TILF Success Stories: Meet Evan Ott
Posted by Trudy Richards on 05/07/2014
Designing a college course and writing your own textbook are not easy ideas to execute. TILF Scholar Evan Ott says he wouldn’t have had the audacity to even think of doing either without having been involved in UIL in high school.
Evan began participating in UIL as freshman, dabbling in Science, Math, Current Issues & Events, but always returning to his home base: UIL Computer Science. Evan says he owes much success to coach Glen Martin, who teaches Computer Science at the School for the Gifted and Talented in Dallas.
“He pushed our team to compete as often as possible and always worked to support student ideas on how the team could improve,” Evan said.
As president of the Computer Science club, Evan worked diligently to explain overarching computer science concepts to other students hoping to master the UIL Computer Science contest. Now, Evan is in his third-year at the University of Texas at Austin, double-majoring in Honors Computer Science and Honors Physics. Just like in high school, he is a driving force behind some of the developments shaping the learning environment of his peers.
“I don’t care about the recognition,” he said. “Scholarships are great, though!”
After learning that he had received a Moody Foundation scholarship through TILF, Evan says he felt like his hard work had paid off.
“Every dollar counts,” he said. “Since my family is one of those that's still recovering from the recession, I've had to pay my way through college with scholarships and jobs.”
Evan has been able to finance his education without taking on any student loans, something he says he’s grateful for everyday.
“That financial freedom lets me focus on school and extracurricular activities,” he said.
Since 2012, Evan has been the President of the Society of Physics Students at the University of Texas, spearheading initiatives to engage current and prospective students to a higher level of understanding. According to Distinguished Teaching Professor of Physics Greg Sitz, the past few years has seen steady but unprecedented growth in the UT Austin Physics department, from 200 students to about 500 students.
“Perhaps the biggest contributing factor to this growth that I can identify is the tremendous level of activity of the current students, and this has been led by Evan,” Sitz said. “From reviving the Departmental open house, to the huge activities of the Society of Physics Students, to organizing a two day campus visit for prospective physics majors in the spring, help sessions, pot lucks, the list goes on and it has all been driven by Evan.”

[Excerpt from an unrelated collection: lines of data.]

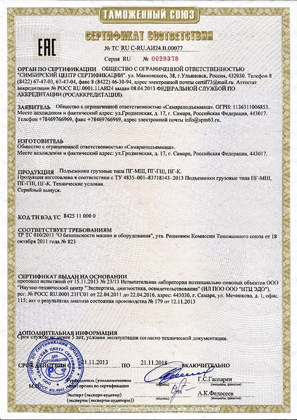 Посмотреть все сертификаты на наши подъемники.
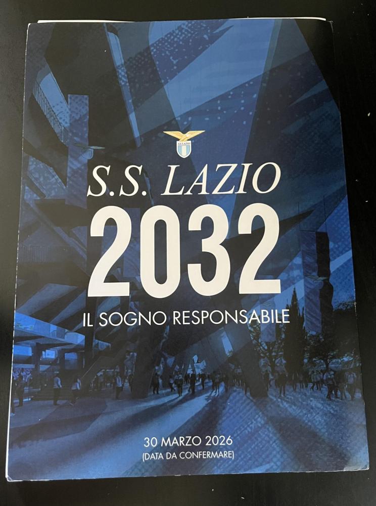 Cancellare il cerchio rosso sul calendario. La data del 30 marzo non è stata confermata. Così c'era scritto sulla cartella stampa (in foto), consegnata dalla Lazio lo scorso 17 febbraio 2026 in occasione della presentazione del progetto per lo Stadio Flaminio. Era previsto un appuntamento per illustrare il futuro della società, il "sogno responsabile" chiamato "Lazio 2032": un vero e proprio piano di rilancio del club. A spiegarlo era stato il presidente Lotito a Formello: "Durante la prossima sosta della Nazionale presenteremo 'Lazio 2032 - Il Sogno Responsabile'. una conferenza programmatica che delineerà il percorso strategico del Club. In quell'occasione illustreremo, insieme alla società di consulenza Deloitte e all'Università Luiss, un piano industriale a cinque anni fondato su sostenibilità economica, crescita patrimoniale e competitività sortiva", c'era scritto nel suo discorso.
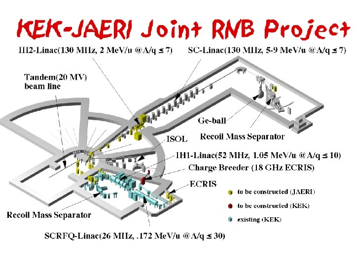 Facility Proposal 1999 - 2000: All the RNB instruments were moved to Tsukuba (no-primary beam accelerator) To rapid resume “Low-Energy RNB Science” including the nuclear physics, nuclear chemistry, nuclear astrophysics, material science, etc. It would be too late to start E-arena in JHF, whose construction will take at least 6 -7 years!! KEK-JAERI Joint RNB Facility • 5 -9 Me. V/u RNB will be available with using the existing S. C. Linac • Neutron-rich medium- and heavy-RNB can be supplied by the help of p-induced U-fission reaction. • Intense stable nuclear beam is also available independent from Tandem • Low Energy RNB center under the collaboration with KEK and JAERI
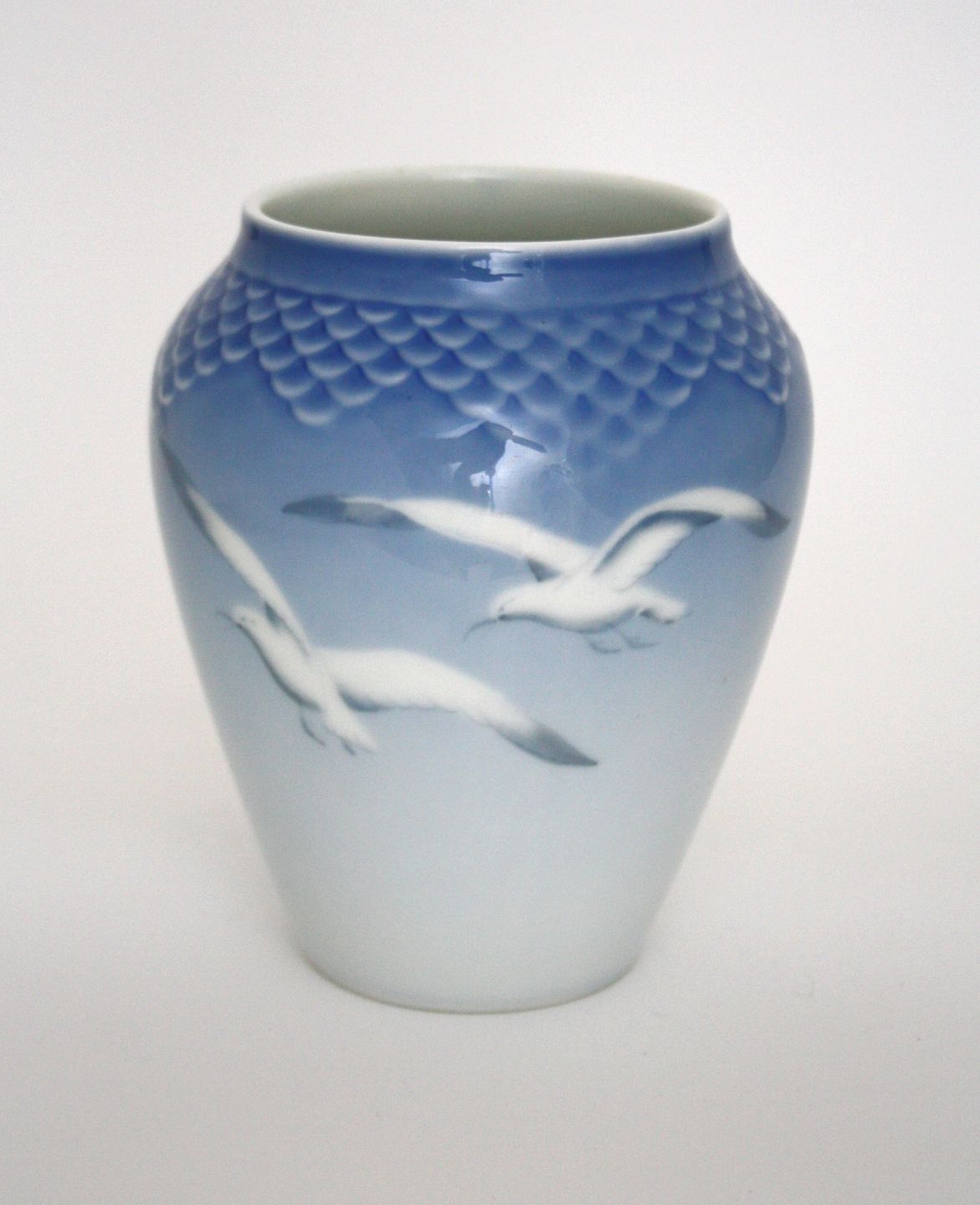 Bing & Grøndahl, Mågestel uden guldkant. Vase. Formnr. 681. Højde 12 cm. Største diameter 10 cm. II. sortering. Fin stand. Pris: SOLGT
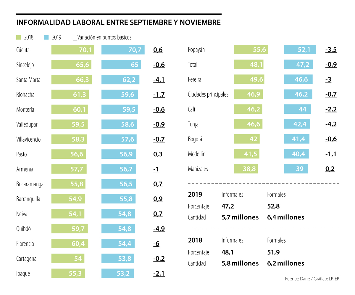 Según el documento, las tasas para 2019 en estas ciudades fueron de 54,8%, 42,4% y 62,2%, respectivamente, mientas que en 2018 fueron de 59,7%, 46,6% y 66,3%, también en ese orden. Así las cosas, la reducción de la informalidad en Quibdó fue de 4,9 puntos; en Tunja, de 4,2 puntos y en Santa Marta, de 4,1 puntos.
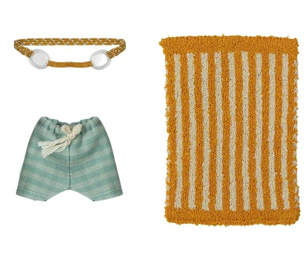 Ferienzeit. Dieses Set enthält alle wichtigen Accessoires für einen unterhaltsamen Tag am Strand: Badehosen, Schutzbrillen und ein Handtuch. Es passt alles perfekt zu den Mäusen in der Größe eines großen Bruders / einer großen Schwester. Größe: Große Schwester / Große Bruder Maus Alter: 3 Jahre und älter Waschen: 30 Grad Material: Baumwolle
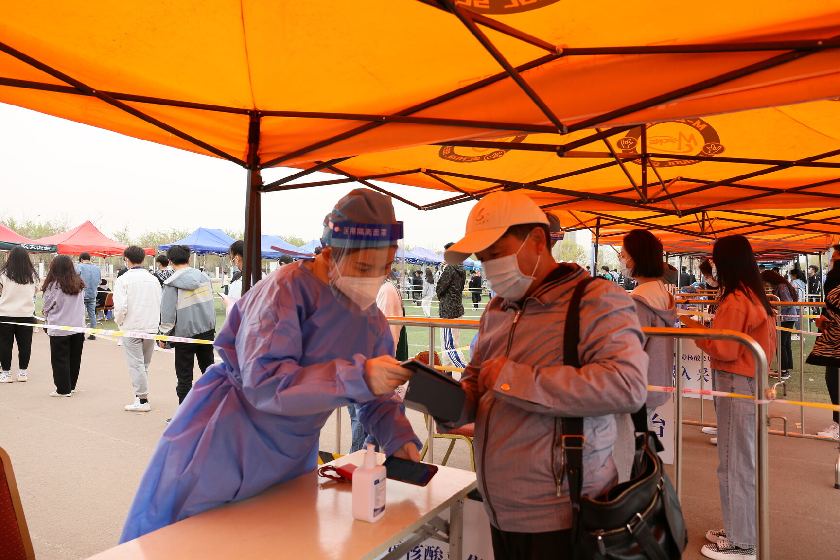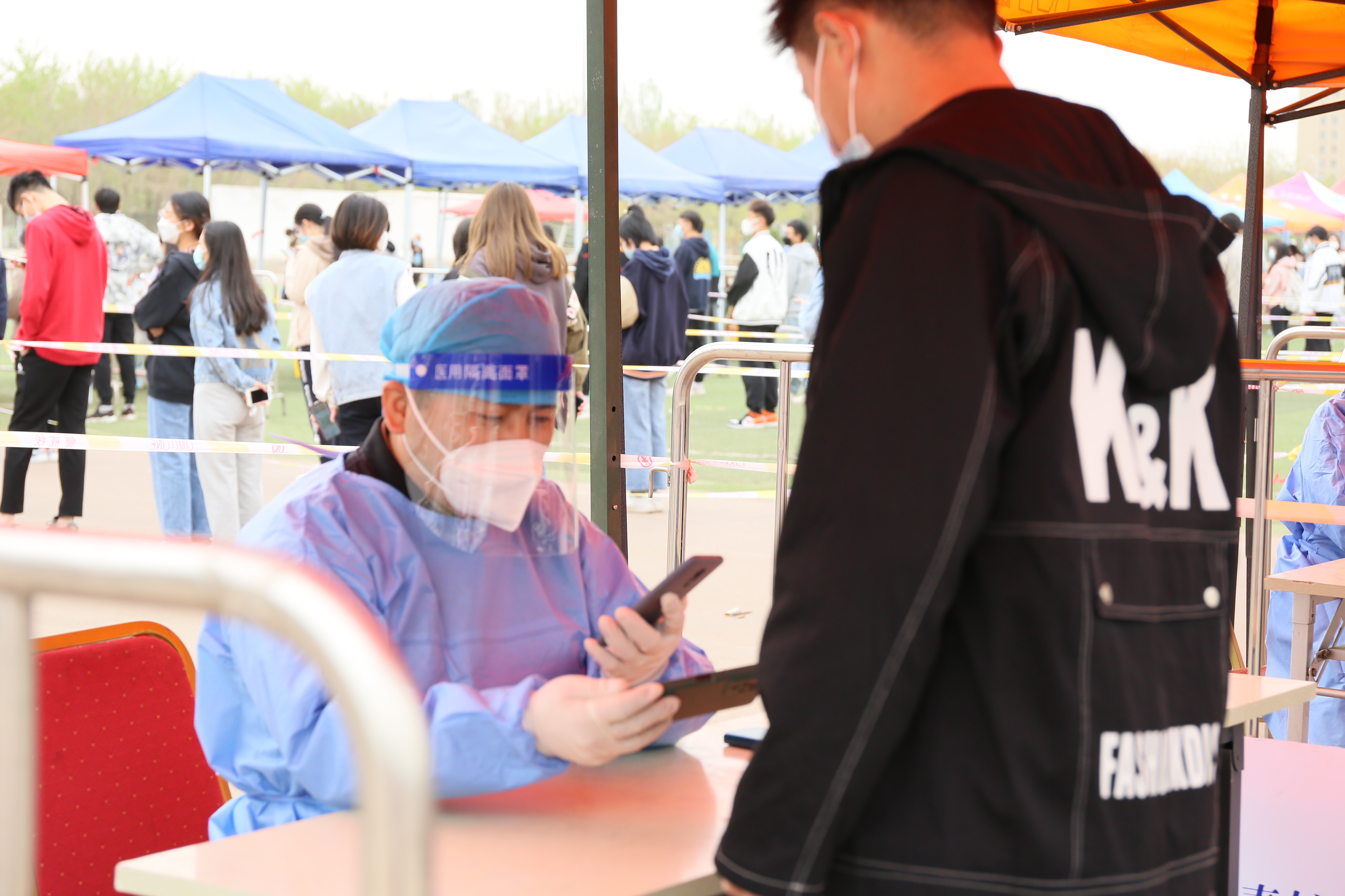 在公司核酸检测现场,公司志愿者们积极维持现场秩序,引导师生有序排队,教工党员志愿者认真做好扫码、测温、核酸检测登记等工作;志愿者们与医务人员并肩作战,始终以认真的工作态度、真诚的服务态度用心为广大师生服务,用大爱筑起阻击疫情的防线。
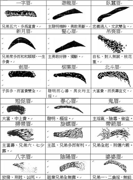 眉纹:眉上多直纹,是富贵之相,眉上多横纹,是穷苦之相。
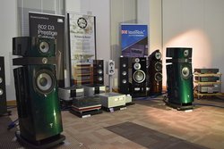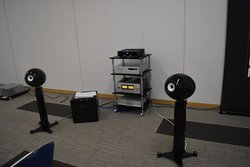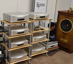 例えばエレクトリとハーマンインターナショナルとエソテリック、エイ・アンド・エムが出展するBルームでは、アヴァンギャルドとタンノイ、JBL、マジコのスピーカーが同じ場所に設置。その間には、マッキントッシュとマークレビンソン、エソテリックとエアタイトのアンプが林立。アヴァンギャルドのスピーカーをマッキントッシュのアンプとメトロノームのCDプレーヤーで鳴らし、その操作をエソテリックの担当者が行う。
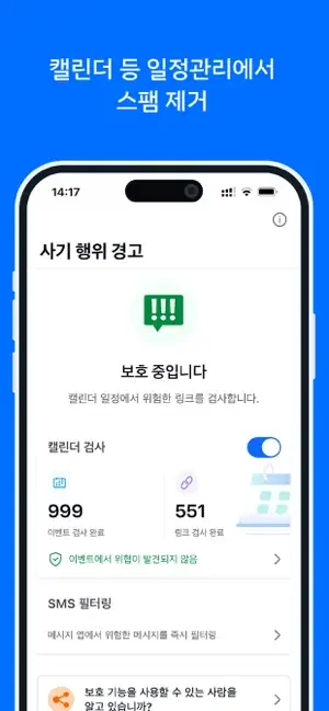 이 앱은 메시지 속 피싱 시도나 악성 캘린더 이벤트를 즉시 감지해서 차단해줍니다. 개인 정보나 금융 정보를 보호하는 데도 도움을 주니, 혹시 모를 사기나 해킹으로부터 걱정을 덜 수 있어요. 일상 속에서 은근히 노출될 수 있는 위험들을 미리 막아주는 셈이죠.
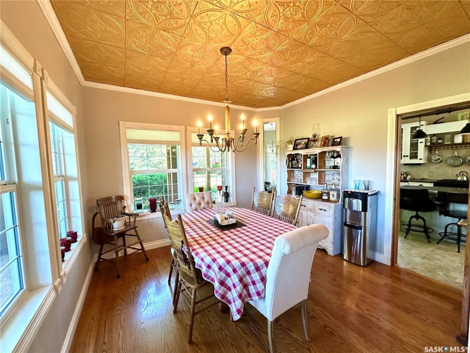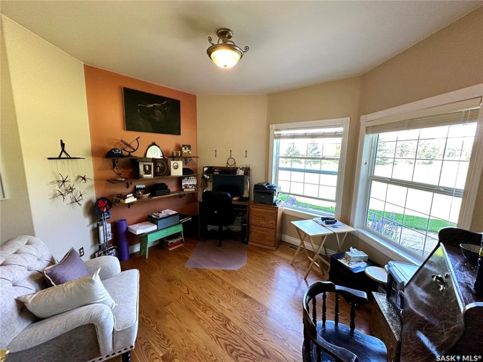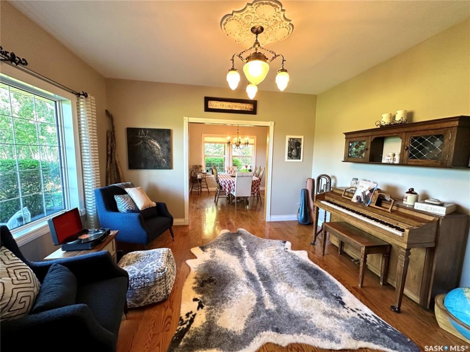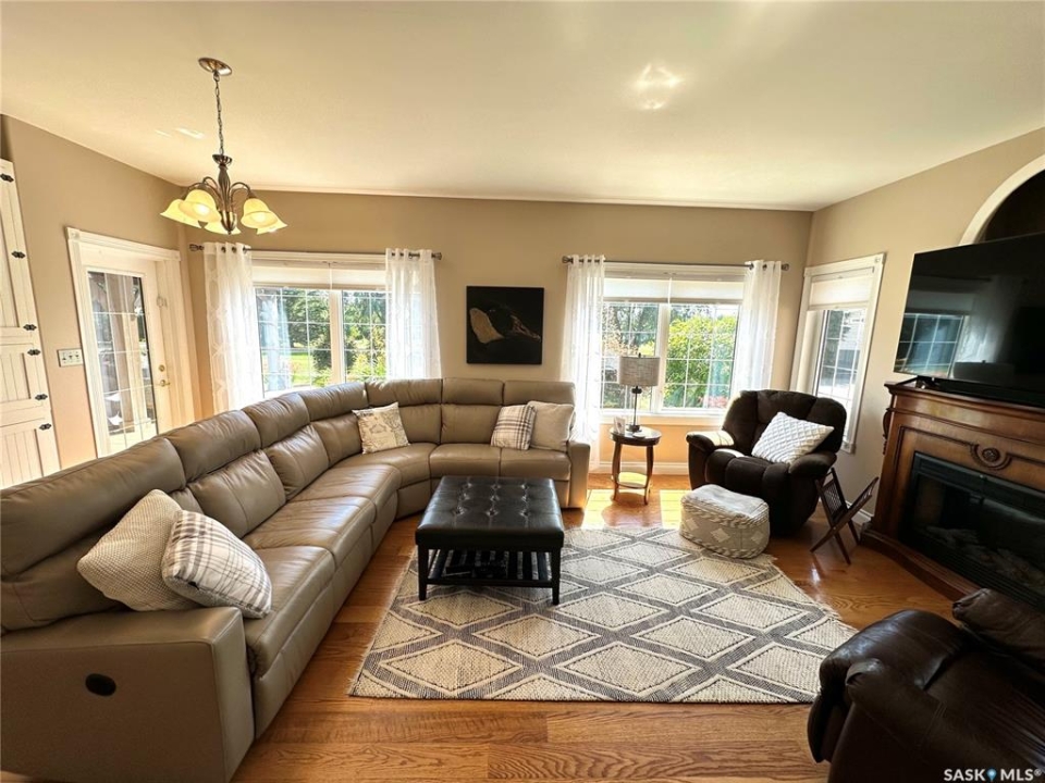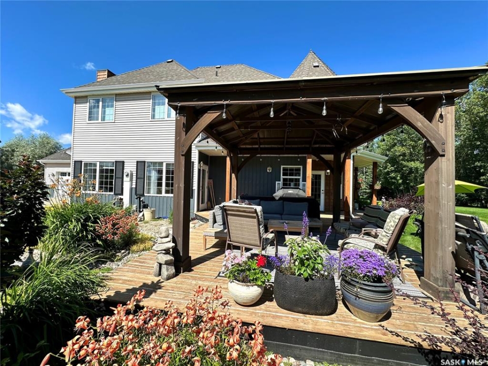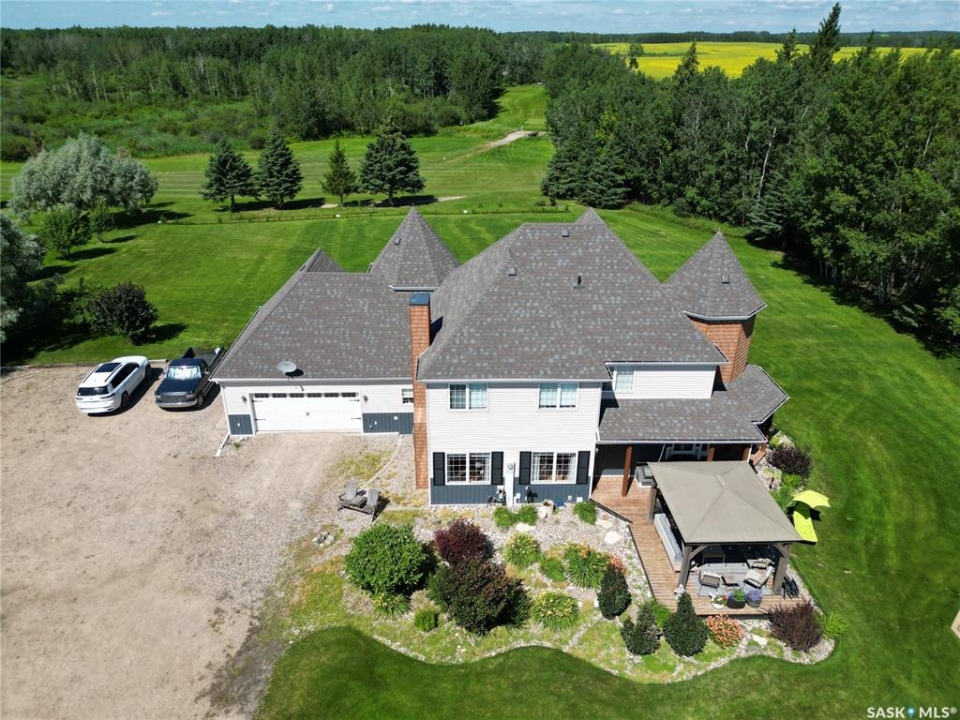 Exclusive home located on 4 acres of prime property overlooking the 10th hole of the Spiritwood golf course. Home features 5 BD, the master BD 5pc en-suite with a soaker tub, double sinks, separate shower/toilet, and walk-in closet. Each level offers a sitting/lounging area ideal for reading, socializing and entertainment. The upper-level lounge and master bedroom offer an exquisite view of the front courtyard, sunset, and 10th tee-off. A custom-built oak staircase canopied by an elegant chandelier an impressive feature of the main entrance, and an antique reclaimed tin ceiling in the dining room proves to be a show stopper. A large country style kitchen and living room share an open living space on the main floor. This dream kitchen hosts an east facing windowed turret, great for morning coffee, natural gas stove, convection oven, walk-in pantry, island with storage, garden doors leading to a south facing deck, and gazebo. The living room floods with the natural light of large south facing windows as well as garden door leads to the south deck. Additional home features include an ultraviolet water purification system, central A/C, in-floor heat in the basement, hot water on demand with separate lines to each tap providing constant pressure, and hot water. Some more recent upgrades include new shingles, siding, soffits, and facia, as well as a Viesmann Combi boiler system. Attached 24X23 garage with in floor heat, 24X30 detached heated garage, garden shed, as well as several other storage sheds. Spiritwood is in the heart of the Northern Lakes, which allows you an opportunity to have many lakes, recreational activities surrounding you, and is the epitome of serenity with its stunning views, ample wildlife, walking and cross-country skiing right out your front door. This property was once used as a B&B, so whether you are looking for a family home, or wanting to re-open the B&B the opportunities. Some furnishings are negotiable. Call for more information.
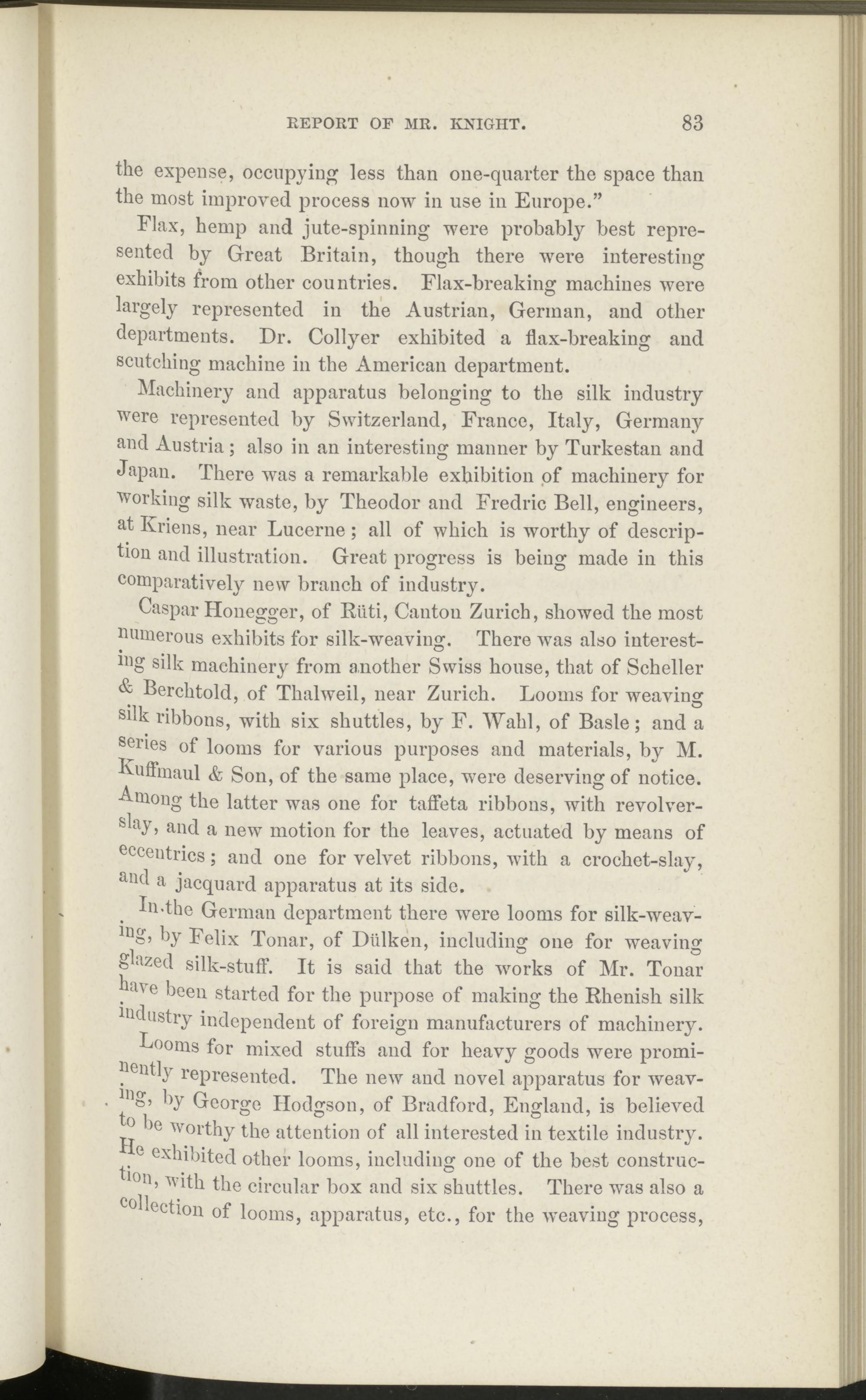 Machinery and apparatus belonging to the silk industry were represented by Switzerland, France, Italy, Germany and Austria; also in an interesting manner by Turkestan and Japan. There was a remarkable exhibition of machinery for working silk waste, by Theodor and Fredric Bell, engineers, at Kriens, near Lucerne; all of which is worthy of description and illustration. Great progress is being made in this comparatively new branch of industry.

Dr. Sitz has seen first-hand how Evan’s enthusiasm can create great things and helped Evan get his student-led seminar off the ground and into registration as a course-for-credit.
“Response was overwhelming, with the room we were allocated filling completely during pre-registration,” Sitz said. “This addressed a real need and was a great success. Evan deserves a great deal of credit for making this work.”
Evan recognized a need to introduce data analysis to Physics undergraduates early, so students would not have to struggle with such skills in the advanced labs. He basically had to craft the curriculum himself and created a textbook to follow the design of the course.
“The bulk of it, I did last semester just trying to find a topic I knew we were going need to talk about,” Evan said. “It would be more or less the topic of the week. I’d eventually sit down and spend a couple of hours trying to write.”
For Evan, the will to teach comes from the desire to learn.
“I love learning new things and have found more of a passion with physics in particular,” he said. “So we have an undergraduate lounge for physics. Not too many people use that room on a regular basis but I love going in there when I can because on any given day, they’ll be talking about some crazy complicated theory I’ve never heard about before, ”That’s part of what gets me going.”
Evan recognizes that his education makes him “really lucky,” and that he’s proud of his accomplishments because he finds joy in helping others succeed.
“Part of it is just this feeling of responsibility that ‘I need to do well and open as many doors for myself as I can so I can then open doors for other people,’” he said. “If people are learning and getting something more because of me, I call that a good day,” he said.
His next big project is to establish a Physics Honor Society at UT after stepping down as President of the Society of Physics Students. This summer, Evan plans to perform research at Sandia National Labs in Albuquerque.